Tips for borrowing through your SMSF

Self managed super funds (SMSF) are becoming an increasingly popular way for Australians to build their wealth towards retirement. The ability to manage and maintain your own retirement savings is an attractive prospect for many people. There is also a growing number of people who are putting their money towards an investment property. Fortunately, these two methods of generating wealth can come together in harmony thanks to recent legislative changes. 

If you don’t have quite enough in the super fund to purchase outright, you can also take out a SMSF loan to make up the balance. There are some things to look out for when buying a home in this way, so keep these points in mind at the outset.

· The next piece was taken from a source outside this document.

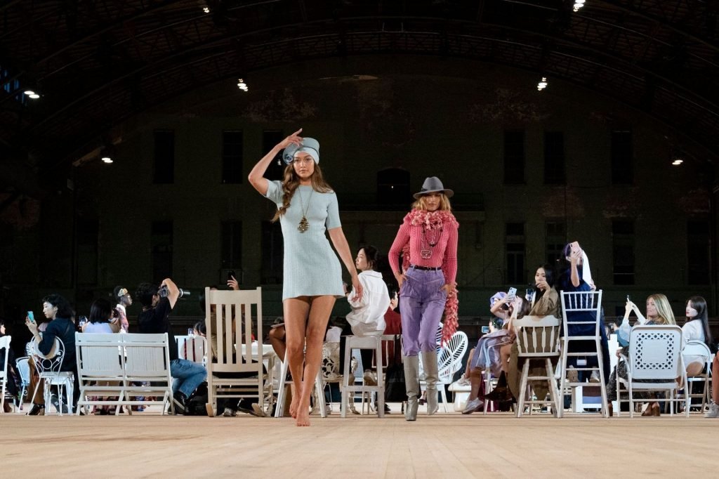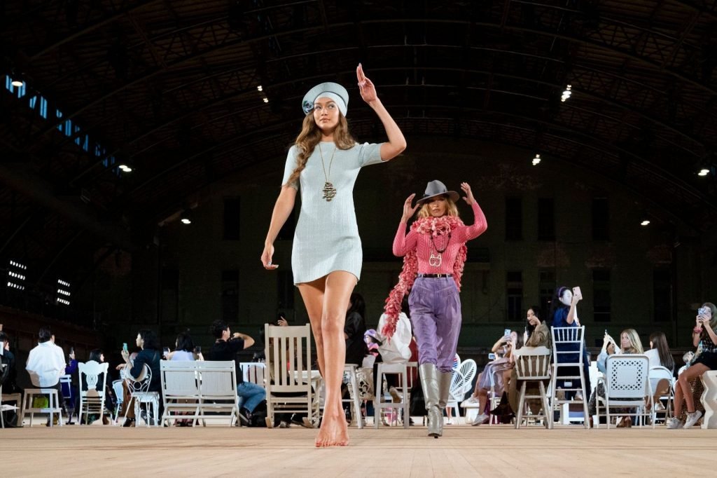 Modelo sin sujetador Gigi Hadid camina descalza por la pasarela durante el desfile de moda Marc Jacobs Primavera 2020 en Park Avenue Armory en Nueva York, 11/09/2019.

You can’t purchase property for development or resale

The investment you make with your SMSF loan will be judged by what’s known as the sole purpose test. This stipulates that the investment can only be used for a single reason – to generate savings for the SMSF, not as a profit-making venture. For this reason, the fund can’t buy a property for redevelopment purposes. You will also need to be careful with the extent of renovations, as this can be interpreted as a profit-making exercise.

The property mustn’t be owned by friends or family

This stipulation prevents the fund from investing in property that was previously owned, or bought from, an associate of the fund. The scope of this is very wide and isn’t just limited to immediate family. It could be anyone, from distant friends to work colleagues. In the same way, the property cannot be sold to or leased by anyone remotely connected to a member.

This is a conflict of interest and could break the sole purpose test, which sets down that no one related to or associated with the fund should get any pre-retirement benefit from the fund.
These points are incredibly important to bare in mind when using self managed super fun loans to buy property, as any non-compliance will be heavily penalised.